Range to output from the entries below: the line containing "Motorrad, geschweißte Metall- und" through the line containing "(一)问题投诉类型。上半年投". Set it down exactly, ends included, nothing else.
Segment Start: Record extracts
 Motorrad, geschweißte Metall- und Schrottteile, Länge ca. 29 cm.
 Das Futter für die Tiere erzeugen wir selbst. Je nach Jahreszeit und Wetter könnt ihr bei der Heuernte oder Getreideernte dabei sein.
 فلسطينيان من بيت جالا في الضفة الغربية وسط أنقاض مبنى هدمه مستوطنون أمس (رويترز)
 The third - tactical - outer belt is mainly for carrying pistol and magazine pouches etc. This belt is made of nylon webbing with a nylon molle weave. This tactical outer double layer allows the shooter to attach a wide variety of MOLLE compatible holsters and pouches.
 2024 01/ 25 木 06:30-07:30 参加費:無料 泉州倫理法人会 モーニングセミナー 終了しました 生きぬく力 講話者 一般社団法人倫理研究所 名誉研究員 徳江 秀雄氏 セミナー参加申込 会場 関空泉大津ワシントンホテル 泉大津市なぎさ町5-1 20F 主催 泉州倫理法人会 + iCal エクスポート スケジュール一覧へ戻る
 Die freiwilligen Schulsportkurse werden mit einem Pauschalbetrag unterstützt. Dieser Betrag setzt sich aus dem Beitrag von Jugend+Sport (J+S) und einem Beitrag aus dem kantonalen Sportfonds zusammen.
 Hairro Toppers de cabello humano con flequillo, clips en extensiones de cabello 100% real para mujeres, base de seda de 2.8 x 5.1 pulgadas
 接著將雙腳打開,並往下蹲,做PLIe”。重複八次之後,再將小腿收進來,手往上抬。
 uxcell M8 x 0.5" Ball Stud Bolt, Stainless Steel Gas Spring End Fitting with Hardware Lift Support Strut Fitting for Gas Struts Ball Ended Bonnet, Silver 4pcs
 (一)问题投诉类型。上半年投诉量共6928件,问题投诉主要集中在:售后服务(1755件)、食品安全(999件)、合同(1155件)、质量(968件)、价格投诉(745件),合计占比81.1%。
Segment End: Record extracts
Segment Start: Record extracts
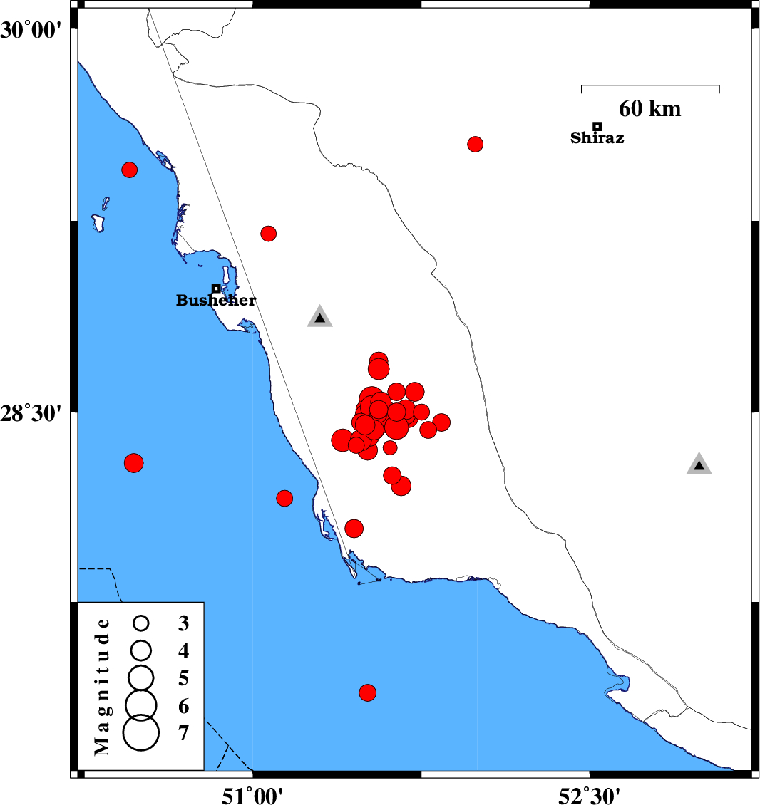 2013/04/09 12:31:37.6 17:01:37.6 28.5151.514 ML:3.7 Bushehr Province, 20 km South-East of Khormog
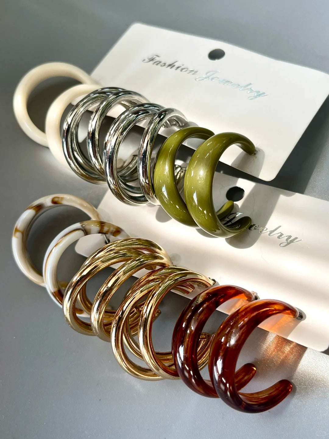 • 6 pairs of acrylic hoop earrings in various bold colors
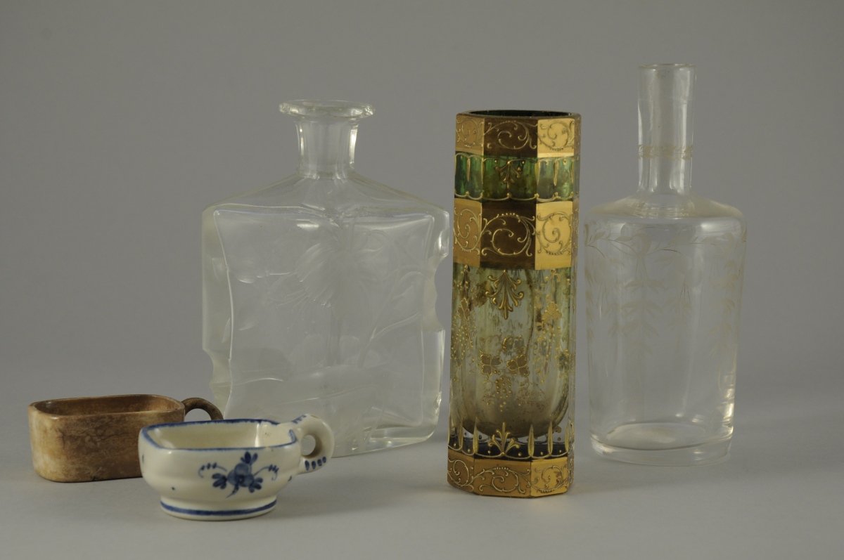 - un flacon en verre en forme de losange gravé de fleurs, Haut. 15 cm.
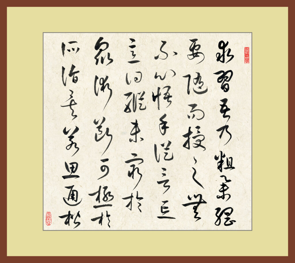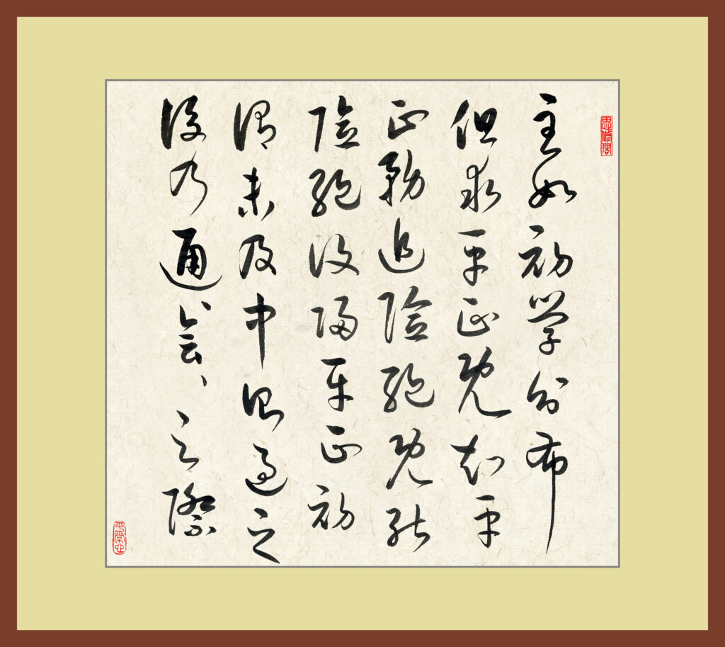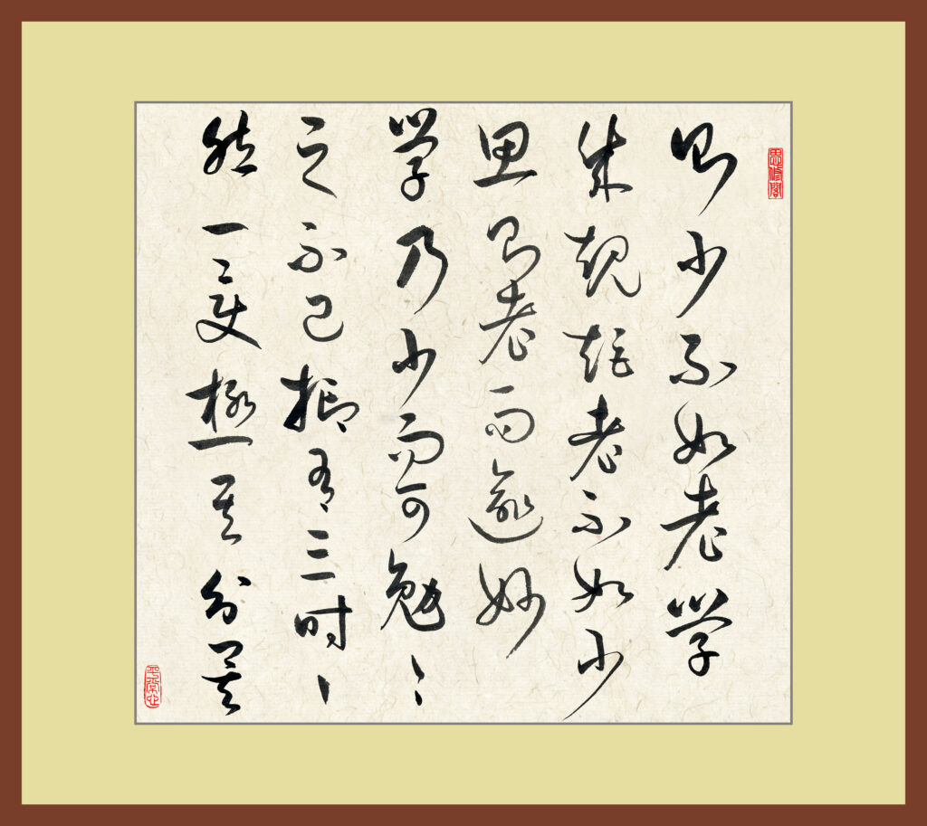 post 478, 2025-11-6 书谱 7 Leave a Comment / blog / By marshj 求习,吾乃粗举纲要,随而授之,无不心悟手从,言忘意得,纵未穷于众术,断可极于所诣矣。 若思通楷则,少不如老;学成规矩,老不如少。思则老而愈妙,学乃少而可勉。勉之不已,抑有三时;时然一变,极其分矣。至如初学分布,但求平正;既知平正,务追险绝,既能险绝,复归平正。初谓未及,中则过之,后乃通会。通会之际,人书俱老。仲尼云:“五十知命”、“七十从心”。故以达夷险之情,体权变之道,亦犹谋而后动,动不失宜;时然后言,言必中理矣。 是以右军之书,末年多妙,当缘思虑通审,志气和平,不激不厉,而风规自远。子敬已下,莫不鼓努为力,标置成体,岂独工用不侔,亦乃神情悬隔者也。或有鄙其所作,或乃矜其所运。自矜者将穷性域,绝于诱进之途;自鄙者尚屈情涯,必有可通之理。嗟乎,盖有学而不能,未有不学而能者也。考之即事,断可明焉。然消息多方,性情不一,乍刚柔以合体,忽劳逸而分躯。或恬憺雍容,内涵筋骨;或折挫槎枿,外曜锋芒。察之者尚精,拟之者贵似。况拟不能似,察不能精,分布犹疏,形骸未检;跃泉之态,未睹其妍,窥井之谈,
Segment End: Record extracts
Segment Start: Record extracts
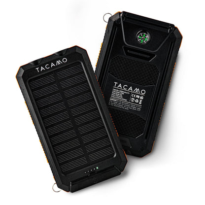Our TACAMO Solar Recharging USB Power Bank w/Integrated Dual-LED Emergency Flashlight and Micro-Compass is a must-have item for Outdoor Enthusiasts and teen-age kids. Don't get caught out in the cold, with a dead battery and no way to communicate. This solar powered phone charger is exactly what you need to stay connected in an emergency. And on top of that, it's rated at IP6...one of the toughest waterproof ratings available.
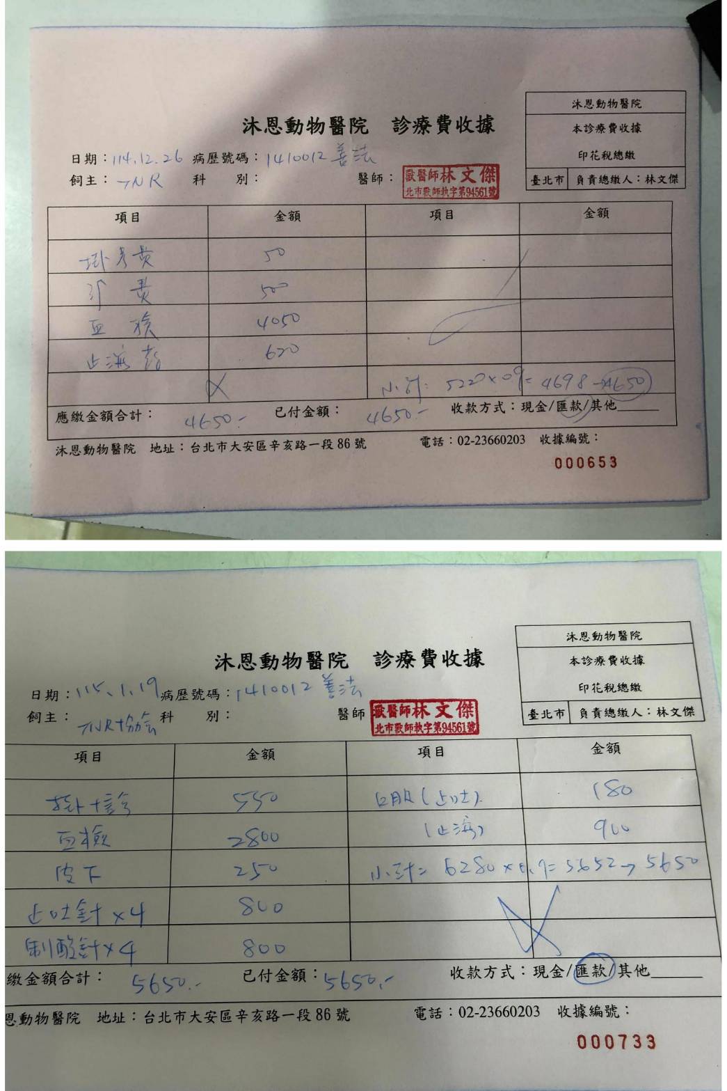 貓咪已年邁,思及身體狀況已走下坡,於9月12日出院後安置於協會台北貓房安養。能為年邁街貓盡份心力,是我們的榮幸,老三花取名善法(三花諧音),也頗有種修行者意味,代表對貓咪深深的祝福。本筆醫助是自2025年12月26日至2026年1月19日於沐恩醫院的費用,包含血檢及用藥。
Segment End: Record extracts
**Answer for the task:**
 Motorrad, geschweißte Metall- und Schrottteile, Länge ca. 29 cm.
 Das Futter für die Tiere erzeugen wir selbst. Je nach Jahreszeit und Wetter könnt ihr bei der Heuernte oder Getreideernte dabei sein.
 فلسطينيان من بيت جالا في الضفة الغربية وسط أنقاض مبنى هدمه مستوطنون أمس (رويترز)
 The third - tactical - outer belt is mainly for carrying pistol and magazine pouches etc. This belt is made of nylon webbing with a nylon molle weave. This tactical outer double layer allows the shooter to attach a wide variety of MOLLE compatible holsters and pouches.
 2024 01/ 25 木 06:30-07:30 参加費:無料 泉州倫理法人会 モーニングセミナー 終了しました 生きぬく力 講話者 一般社団法人倫理研究所 名誉研究員 徳江 秀雄氏 セミナー参加申込 会場 関空泉大津ワシントンホテル 泉大津市なぎさ町5-1 20F 主催 泉州倫理法人会 + iCal エクスポート スケジュール一覧へ戻る
 Die freiwilligen Schulsportkurse werden mit einem Pauschalbetrag unterstützt. Dieser Betrag setzt sich aus dem Beitrag von Jugend+Sport (J+S) und einem Beitrag aus dem kantonalen Sportfonds zusammen.
 Hairro Toppers de cabello humano con flequillo, clips en extensiones de cabello 100% real para mujeres, base de seda de 2.8 x 5.1 pulgadas
 接著將雙腳打開,並往下蹲,做PLIe”。重複八次之後,再將小腿收進來,手往上抬。
 uxcell M8 x 0.5" Ball Stud Bolt, Stainless Steel Gas Spring End Fitting with Hardware Lift Support Strut Fitting for Gas Struts Ball Ended Bonnet, Silver 4pcs
 (一)问题投诉类型。上半年投诉量共6928件,问题投诉主要集中在:售后服务(1755件)、食品安全(999件)、合同(1155件)、质量(968件)、价格投诉(745件),合计占比81.1%。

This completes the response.